### What the exercise asks
Each entry that follows is to be retyped exactly. Pictures do not belong in the copy.

Segment Start: Data

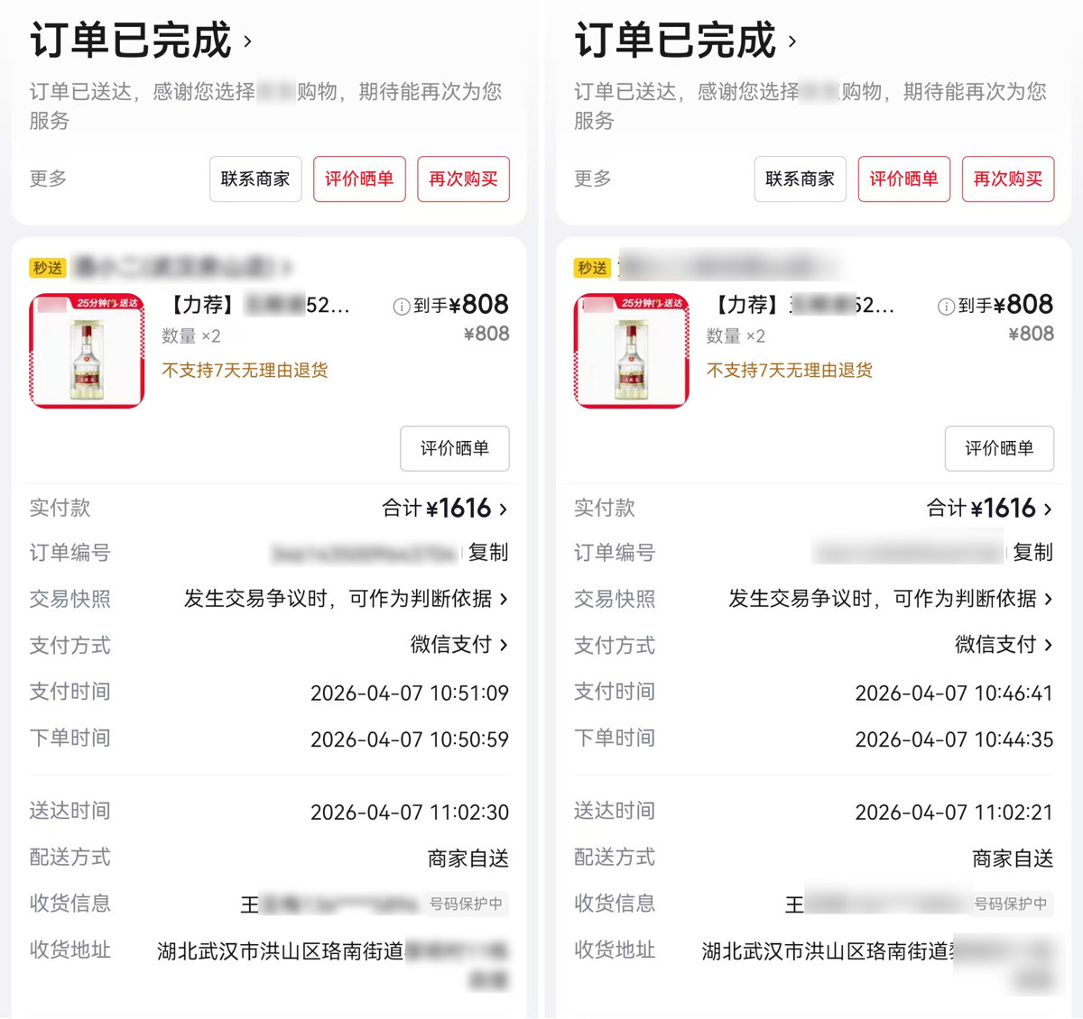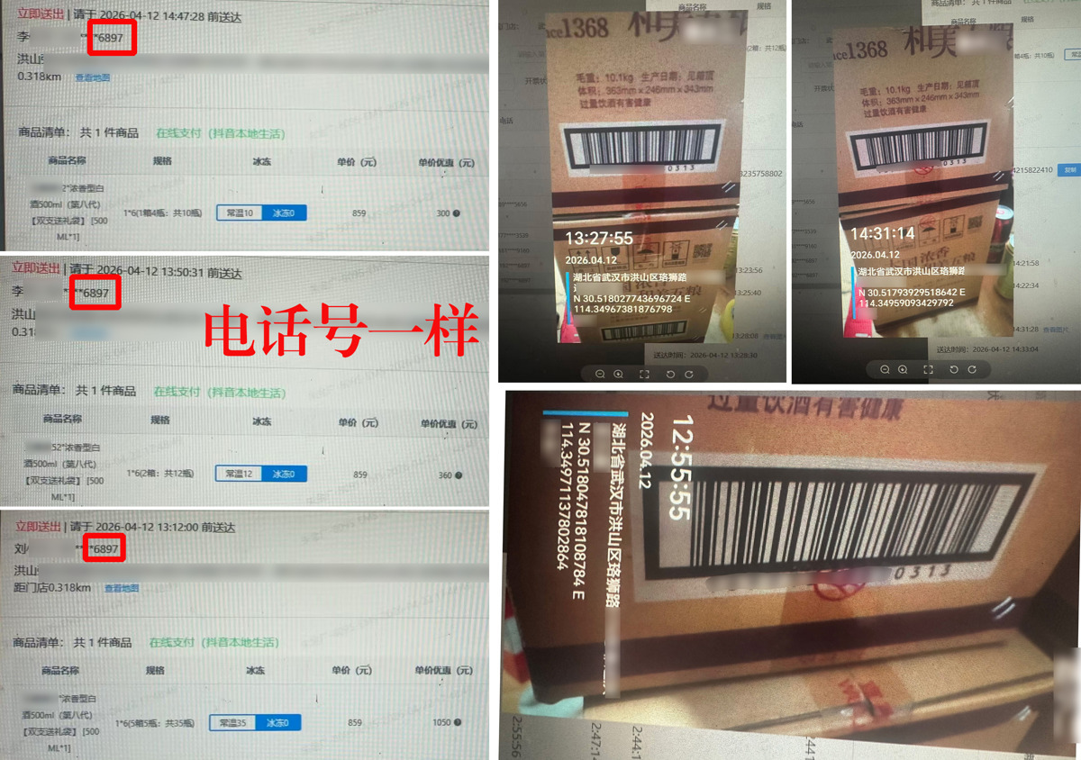4月17日,杨邦鼎再次到店核查。他在系统中查询发现,在王女士核销订单的相近时间,还有2笔高档白酒的核销记录。民警仔细查看这3笔订单的出库照片,发现这3批白酒外包装竟然一模一样,而且3个不同的下单人留下了完全一致的电话号码,这显然不像是正常的交易。
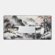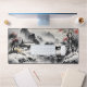 Un paisaje invernal con cabaña y montañas, estilo de pintura de tinta china
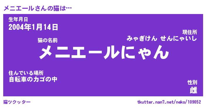 | ポケモン風あだ名 | 『メニチュウ』『メニエダネ』 |
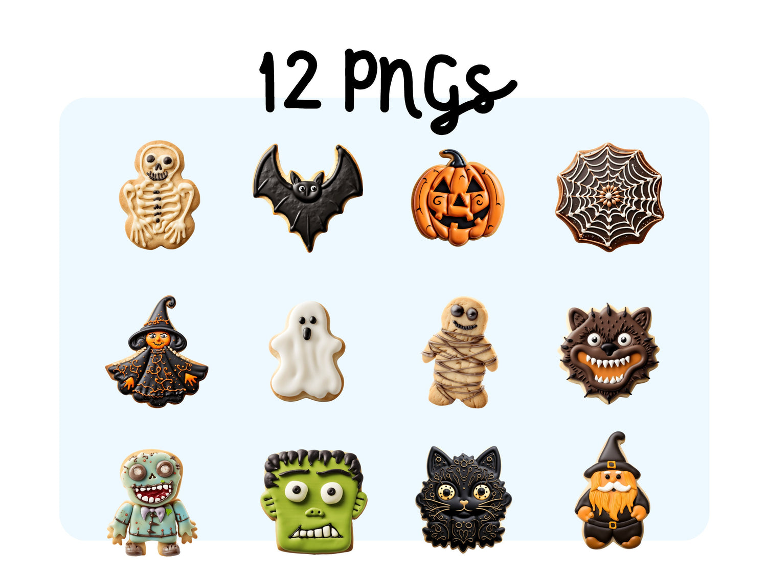 - Transparent Background: Effortlessly integrate these clipart cookies into your Halloween projects with their transparent backgrounds.
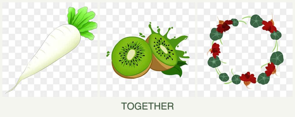 - Nutrient Needs and Spacing: Radishes are quick-growing and can be interplanted with nasturtiums, which spread low to the ground. Kiwis require more space and support structures.

Segment End: Data

### Answer to this problem
4月17日,杨邦鼎再次到店核查。他在系统中查询发现,在王女士核销订单的相近时间,还有2笔高档白酒的核销记录。民警仔细查看这3笔订单的出库照片,发现这3批白酒外包装竟然一模一样,而且3个不同的下单人留下了完全一致的电话号码,这显然不像是正常的交易。
 Un paisaje invernal con cabaña y montañas, estilo de pintura de tinta china
 | ポケモン風あだ名 | 『メニチュウ』『メニエダネ』 |
 - Transparent Background: Effortlessly integrate these clipart cookies into your Halloween projects with their transparent backgrounds.
 - Nutrient Needs and Spacing: Radishes are quick-growing and can be interplanted with nasturtiums, which spread low to the ground. Kiwis require more space and support structures.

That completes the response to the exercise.